### Records for this exercise
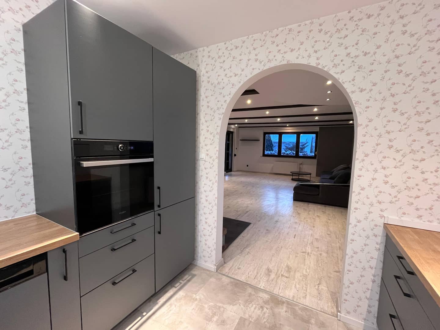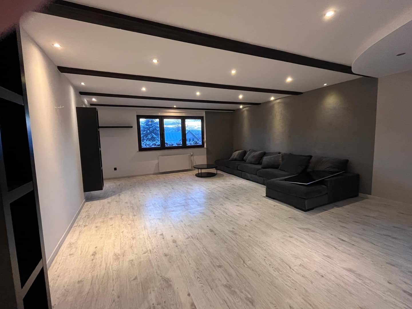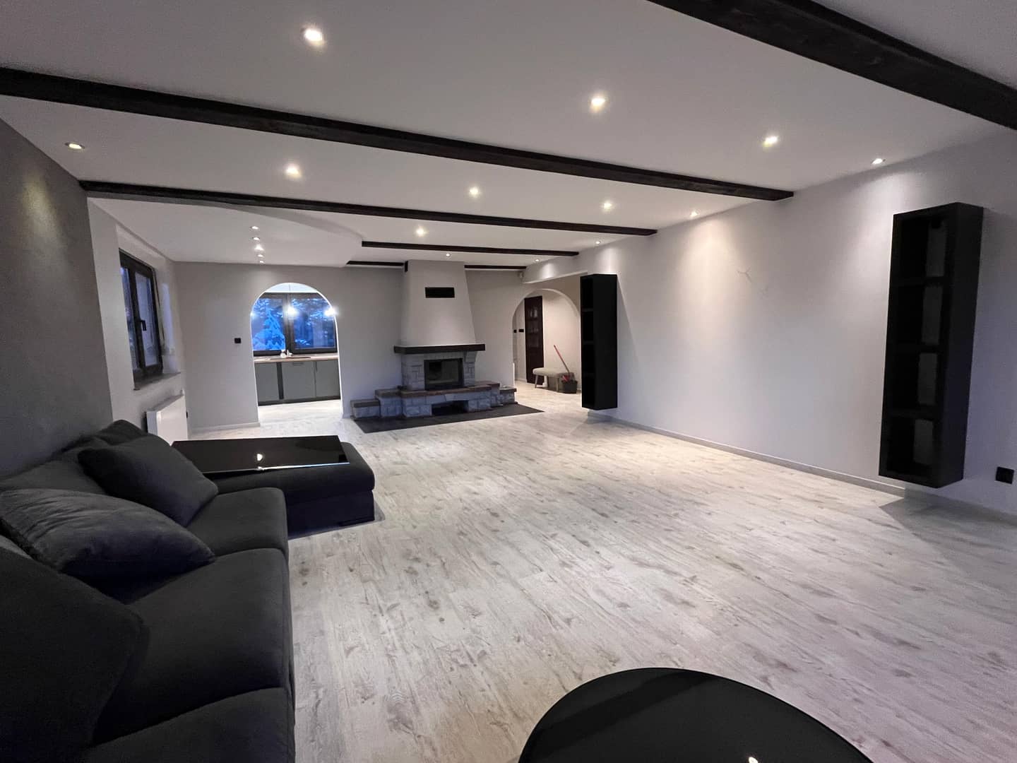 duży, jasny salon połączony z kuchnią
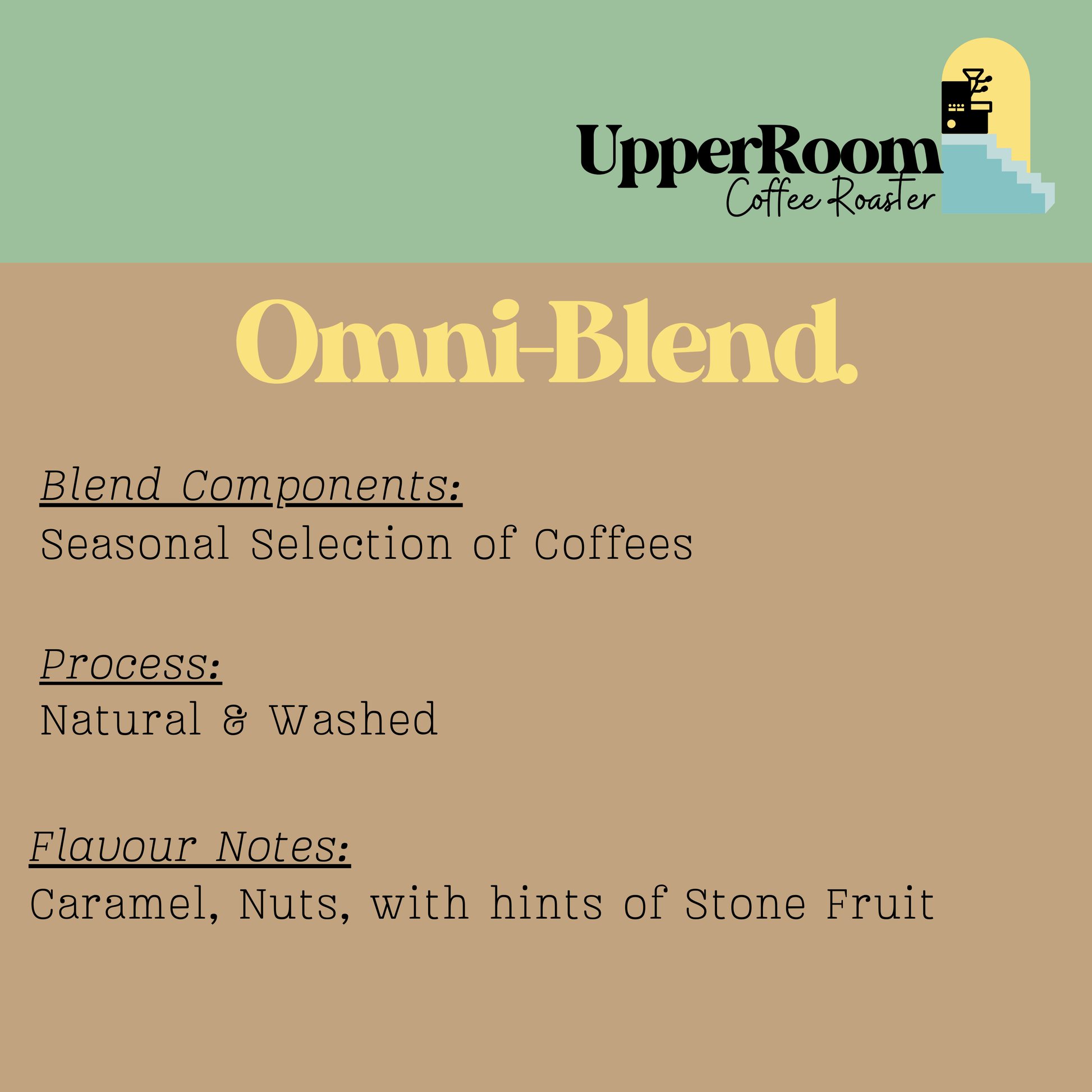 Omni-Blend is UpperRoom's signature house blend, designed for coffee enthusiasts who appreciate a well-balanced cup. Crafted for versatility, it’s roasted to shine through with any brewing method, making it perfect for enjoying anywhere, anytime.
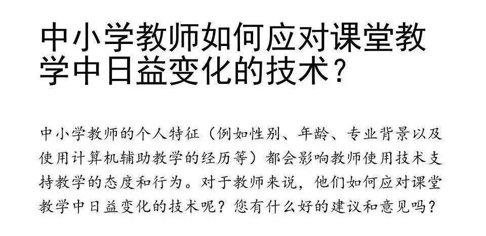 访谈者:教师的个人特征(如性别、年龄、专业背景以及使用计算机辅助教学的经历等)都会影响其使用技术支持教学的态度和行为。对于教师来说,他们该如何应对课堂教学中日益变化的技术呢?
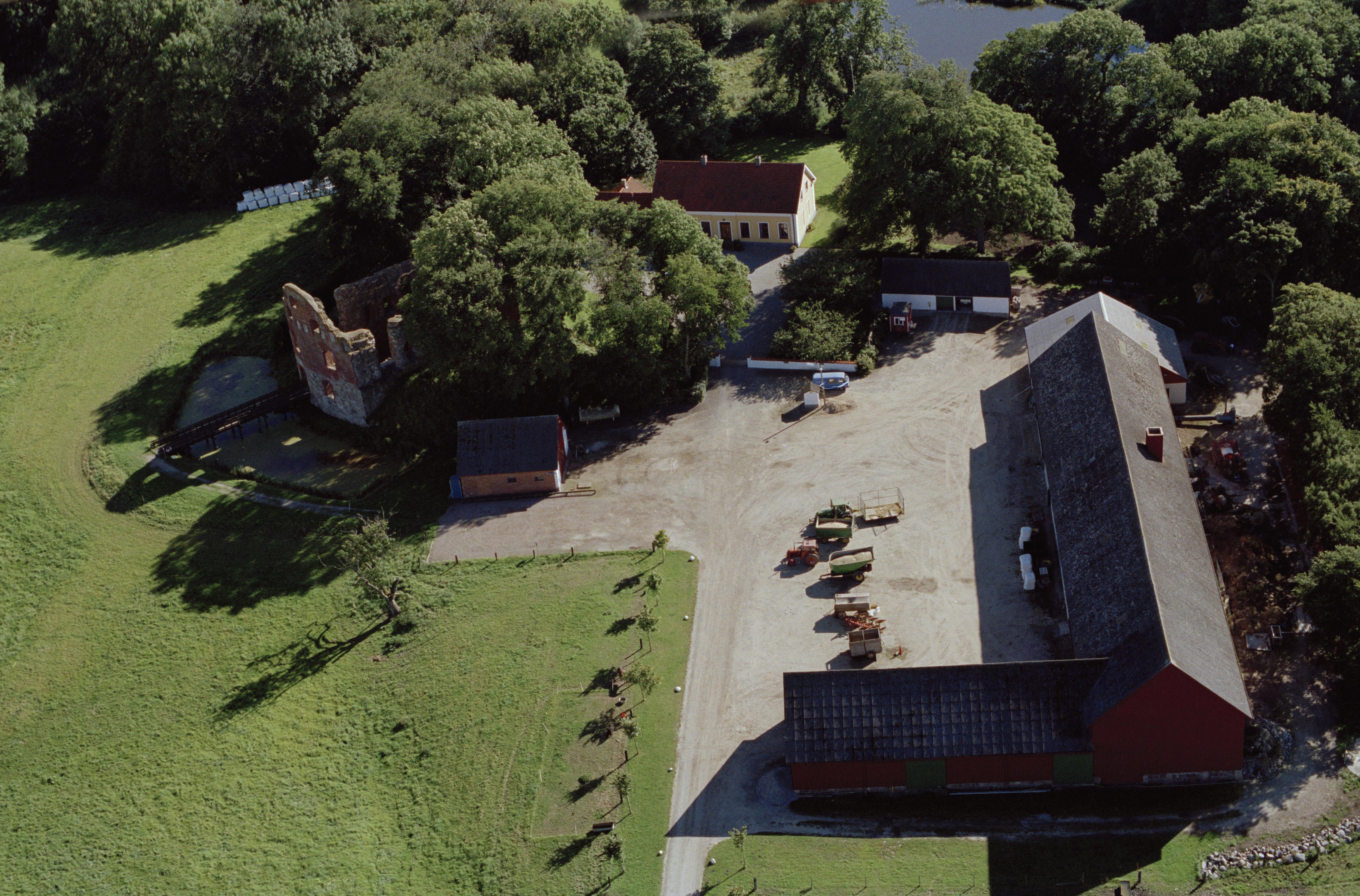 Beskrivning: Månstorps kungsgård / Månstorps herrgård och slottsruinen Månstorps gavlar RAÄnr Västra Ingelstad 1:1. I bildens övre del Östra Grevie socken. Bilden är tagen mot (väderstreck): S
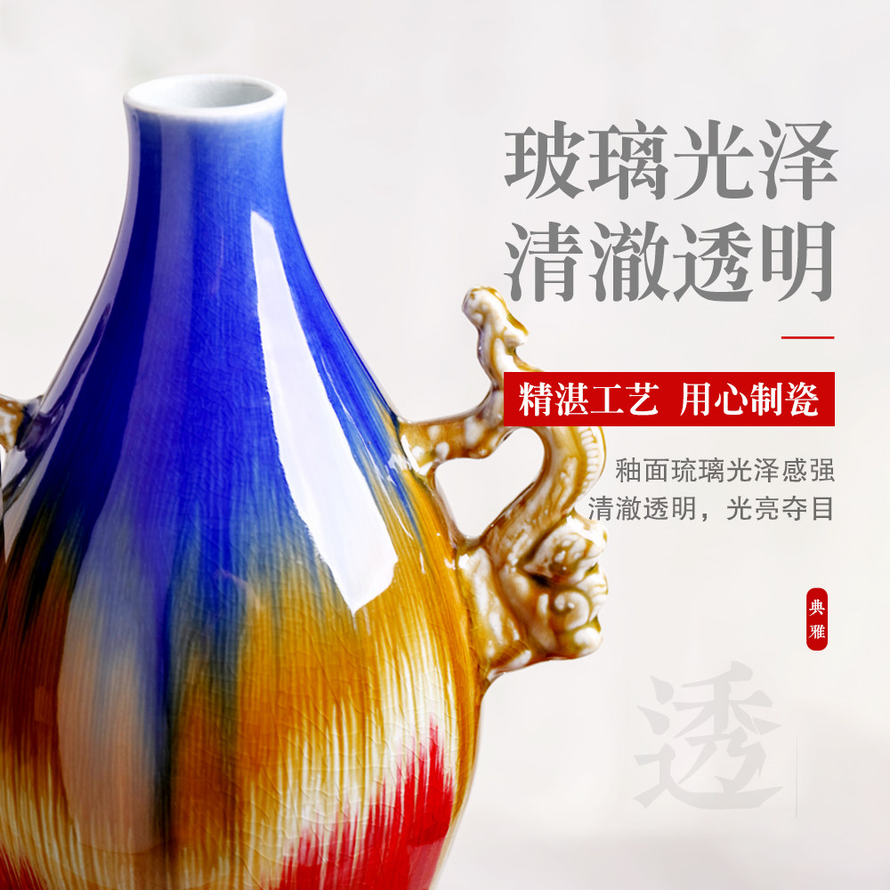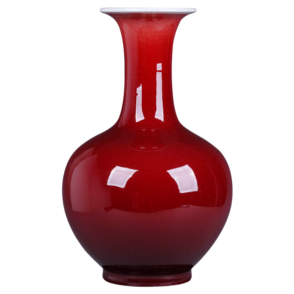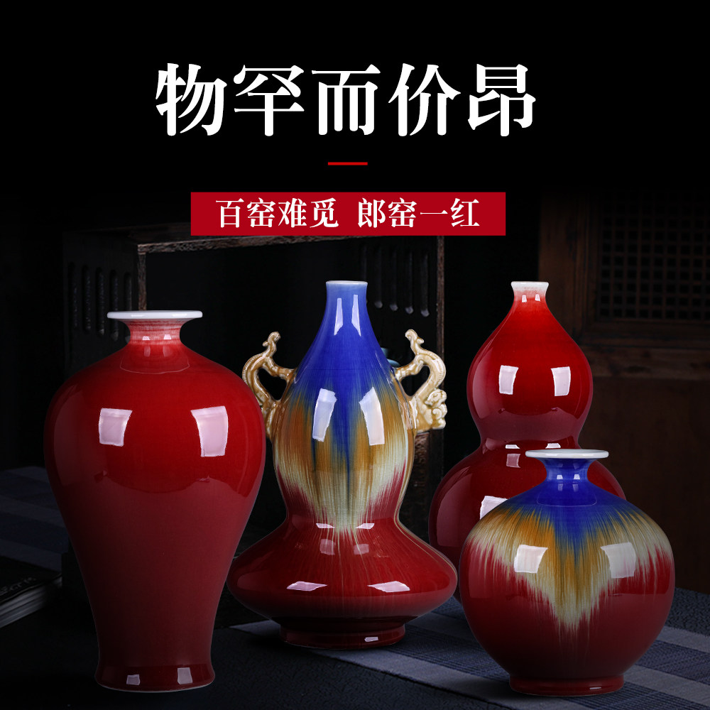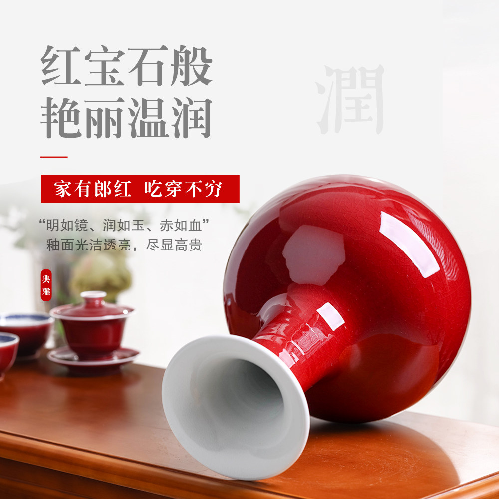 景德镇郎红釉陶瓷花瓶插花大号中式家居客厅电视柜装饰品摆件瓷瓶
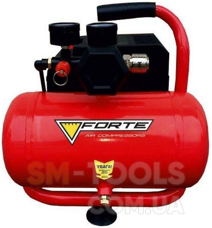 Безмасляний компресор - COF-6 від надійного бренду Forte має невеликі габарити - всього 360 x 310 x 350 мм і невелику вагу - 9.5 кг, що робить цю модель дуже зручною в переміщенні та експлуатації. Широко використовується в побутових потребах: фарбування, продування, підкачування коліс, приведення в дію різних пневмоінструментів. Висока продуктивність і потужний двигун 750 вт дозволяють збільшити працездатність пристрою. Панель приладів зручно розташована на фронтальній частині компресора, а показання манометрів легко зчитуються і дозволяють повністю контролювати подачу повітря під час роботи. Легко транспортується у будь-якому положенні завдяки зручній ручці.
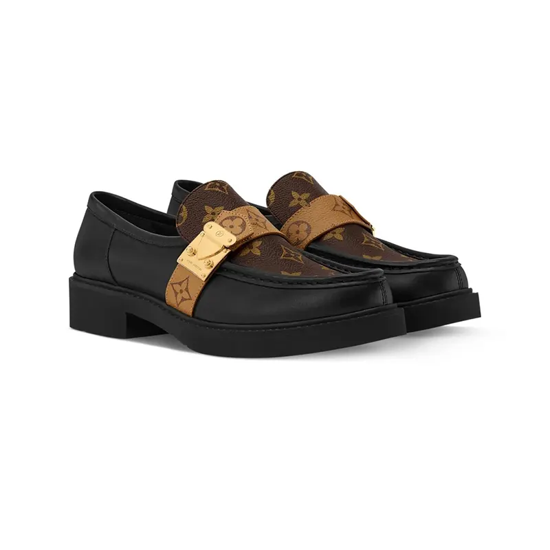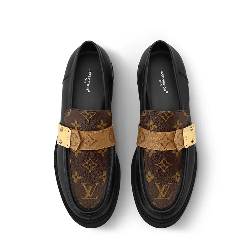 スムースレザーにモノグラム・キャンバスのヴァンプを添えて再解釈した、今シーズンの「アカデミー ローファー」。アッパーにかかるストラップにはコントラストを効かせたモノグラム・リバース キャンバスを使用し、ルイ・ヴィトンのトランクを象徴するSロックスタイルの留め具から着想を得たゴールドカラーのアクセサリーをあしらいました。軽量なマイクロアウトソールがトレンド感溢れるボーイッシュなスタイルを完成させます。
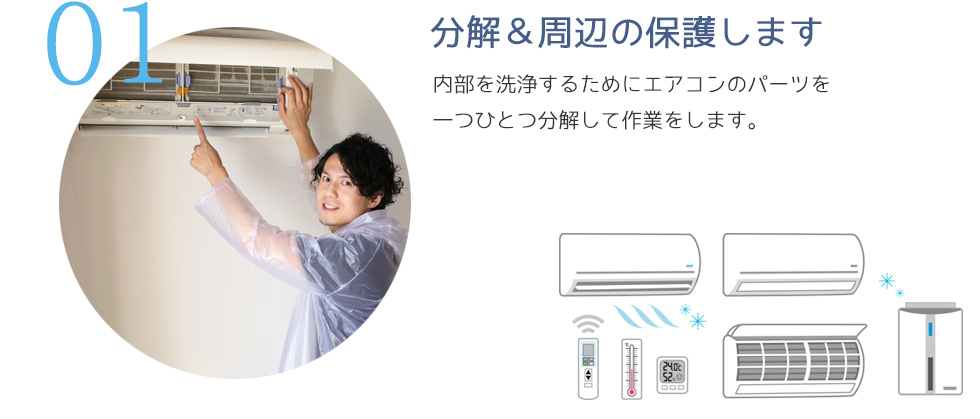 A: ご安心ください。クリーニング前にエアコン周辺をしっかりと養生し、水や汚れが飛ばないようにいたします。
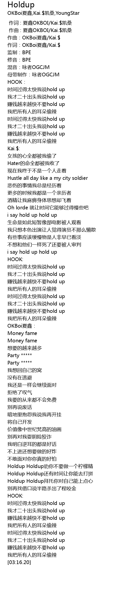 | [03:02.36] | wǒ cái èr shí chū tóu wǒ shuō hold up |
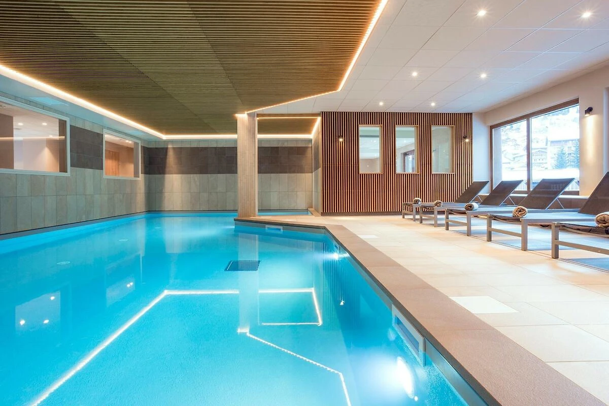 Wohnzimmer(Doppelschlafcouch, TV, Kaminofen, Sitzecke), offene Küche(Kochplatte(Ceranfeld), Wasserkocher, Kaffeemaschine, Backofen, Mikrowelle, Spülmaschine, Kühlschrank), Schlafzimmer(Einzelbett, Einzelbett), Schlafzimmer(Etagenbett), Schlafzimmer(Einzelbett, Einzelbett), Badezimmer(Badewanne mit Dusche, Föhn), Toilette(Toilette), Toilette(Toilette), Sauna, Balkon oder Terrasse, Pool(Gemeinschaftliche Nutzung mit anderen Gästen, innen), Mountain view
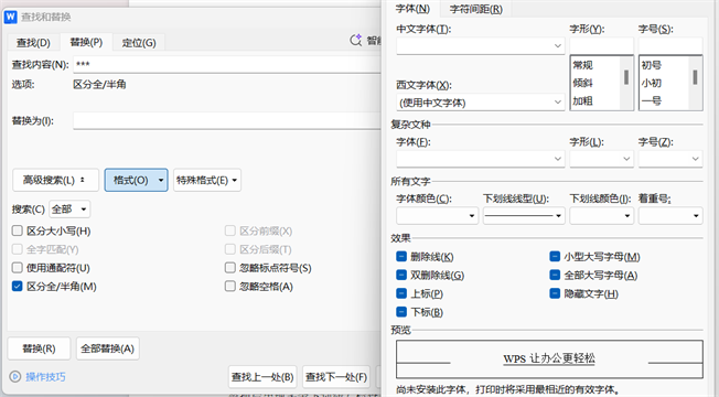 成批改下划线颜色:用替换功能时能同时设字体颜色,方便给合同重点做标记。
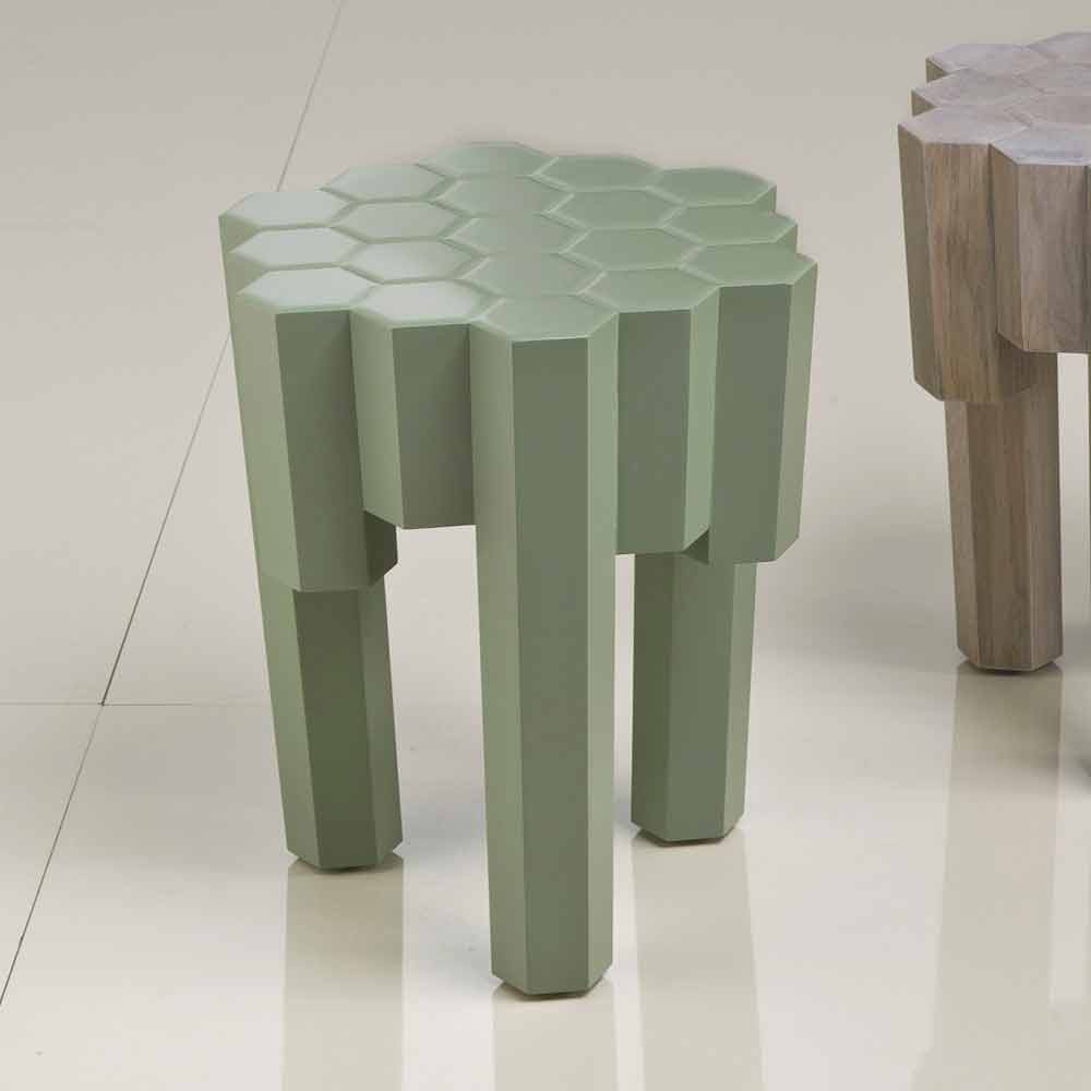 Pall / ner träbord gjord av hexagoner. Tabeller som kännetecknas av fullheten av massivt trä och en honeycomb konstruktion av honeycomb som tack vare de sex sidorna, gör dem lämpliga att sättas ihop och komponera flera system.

### Work instructions
Write the records out again in full, exactly, and skip every picture.

### Written response
 duży, jasny salon połączony z kuchnią
 Omni-Blend is UpperRoom's signature house blend, designed for coffee enthusiasts who appreciate a well-balanced cup. Crafted for versatility, it’s roasted to shine through with any brewing method, making it perfect for enjoying anywhere, anytime.
 访谈者:教师的个人特征(如性别、年龄、专业背景以及使用计算机辅助教学的经历等)都会影响其使用技术支持教学的态度和行为。对于教师来说,他们该如何应对课堂教学中日益变化的技术呢?
 Beskrivning: Månstorps kungsgård / Månstorps herrgård och slottsruinen Månstorps gavlar RAÄnr Västra Ingelstad 1:1. I bildens övre del Östra Grevie socken. Bilden är tagen mot (väderstreck): S
 景德镇郎红釉陶瓷花瓶插花大号中式家居客厅电视柜装饰品摆件瓷瓶
 Безмасляний компресор - COF-6 від надійного бренду Forte має невеликі габарити - всього 360 x 310 x 350 мм і невелику вагу - 9.5 кг, що робить цю модель дуже зручною в переміщенні та експлуатації. Широко використовується в побутових потребах: фарбування, продування, підкачування коліс, приведення в дію різних пневмоінструментів. Висока продуктивність і потужний двигун 750 вт дозволяють збільшити працездатність пристрою. Панель приладів зручно розташована на фронтальній частині компресора, а показання манометрів легко зчитуються і дозволяють повністю контролювати подачу повітря під час роботи. Легко транспортується у будь-якому положенні завдяки зручній ручці.
 スムースレザーにモノグラム・キャンバスのヴァンプを添えて再解釈した、今シーズンの「アカデミー ローファー」。アッパーにかかるストラップにはコントラストを効かせたモノグラム・リバース キャンバスを使用し、ルイ・ヴィトンのトランクを象徴するSロックスタイルの留め具から着想を得たゴールドカラーのアクセサリーをあしらいました。軽量なマイクロアウトソールがトレンド感溢れるボーイッシュなスタイルを完成させます。
 A: ご安心ください。クリーニング前にエアコン周辺をしっかりと養生し、水や汚れが飛ばないようにいたします。
 | [03:02.36] | wǒ cái èr shí chū tóu wǒ shuō hold up |
 Wohnzimmer(Doppelschlafcouch, TV, Kaminofen, Sitzecke), offene Küche(Kochplatte(Ceranfeld), Wasserkocher, Kaffeemaschine, Backofen, Mikrowelle, Spülmaschine, Kühlschrank), Schlafzimmer(Einzelbett, Einzelbett), Schlafzimmer(Etagenbett), Schlafzimmer(Einzelbett, Einzelbett), Badezimmer(Badewanne mit Dusche, Föhn), Toilette(Toilette), Toilette(Toilette), Sauna, Balkon oder Terrasse, Pool(Gemeinschaftliche Nutzung mit anderen Gästen, innen), Mountain view
 成批改下划线颜色:用替换功能时能同时设字体颜色,方便给合同重点做标记。
 Pall / ner träbord gjord av hexagoner. Tabeller som kännetecknas av fullheten av massivt trä och en honeycomb konstruktion av honeycomb som tack vare de sex sidorna, gör dem lämpliga att sättas ihop och komponera flera system.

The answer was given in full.